題名の新書を、この前読んだ。
結構、身につまされる話が多かった。
この本は、NPO法人で働く著者が、実際に関わった案件で、特に興味深かった案件を
カテゴリーごとにまとめている。
大学院の博士課程まで進んだが、博士論文が書けずに中退し、路頭に迷う者。
法科大学院に進んだが、司法試験に合格できず、人生を彷徨う者。
結構、ショッキングな事例が並んでいる。
理工系の大学院で修士号を取得し、電機メーカで設計開発の職を得て、その後、教育関係の会社に転職した身としては、同じ研究室で博士号を取得する先輩方は、人格的にも研究力にも優れた方が多かったため、博士号取得者をうまく扱えない企業側に非があると思っていた。
しかし、一概にはそう言い切れない部分もありそうだ。
修士号、博士号を取得する研究能力がある人間でも、コミュニケーション能力が著しく低く、社会人として会社に勤務する事に適正がない人間が、少数ではなく、一定数、いるそうだ。そういった人間は、自分の知識や能力に自信があるため、どこかで折り合いをつける、という事ができないらしい。会社に勤めても、業務や人間関係でうまくいかず、転職を繰り返し、結局、実家に引きこもってしまう事例もあるそうだ。

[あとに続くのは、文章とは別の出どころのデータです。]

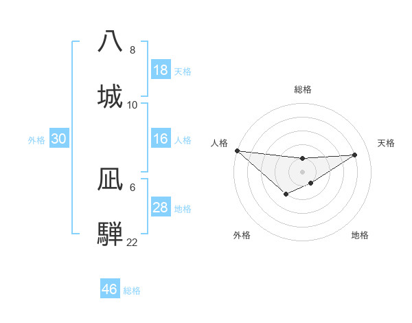 八城 凪騨さんの総格は46画の1点!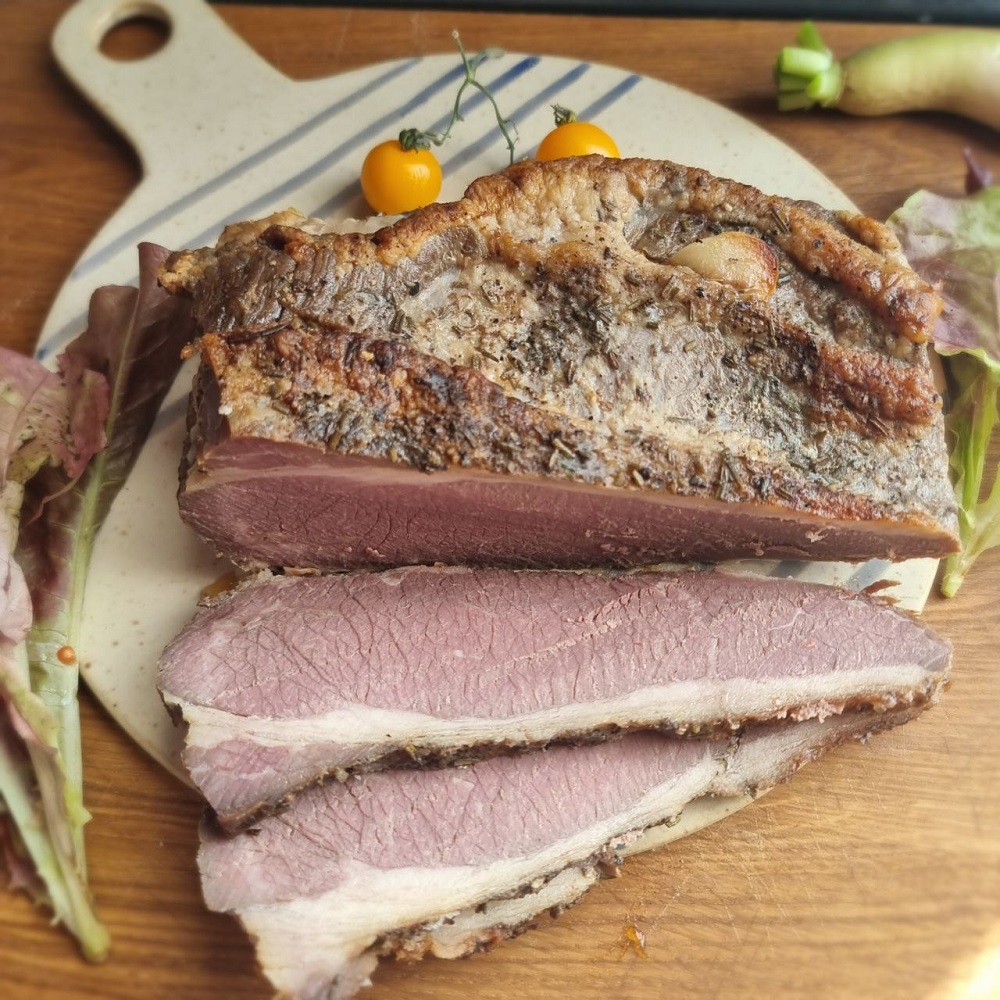 Грудинка бескостная хороша для запекания. Замаринуйте предварительно в любимых специях и запекайте в духовке до готовности час полтора.

私も、自分が偏っていると思う所は心当たりがあるし、世の中の1割の人間とは考え方が異なるので、うまくやっていけないと、勝手に結論づけている。しかし、自分が妥協する所は妥協するし、世の中の9割の人間とは、良好な関係を築けていると感じている。
杓子定規に考えすぎず、自分の得意な事と不得意な事を棚卸しして、自分の得意な事を活かせる分野で社会と折り合いをつけていければ、引きこもらずとも、社会の一員として、何らかの役割を与えられるのではないかと、私は考えている。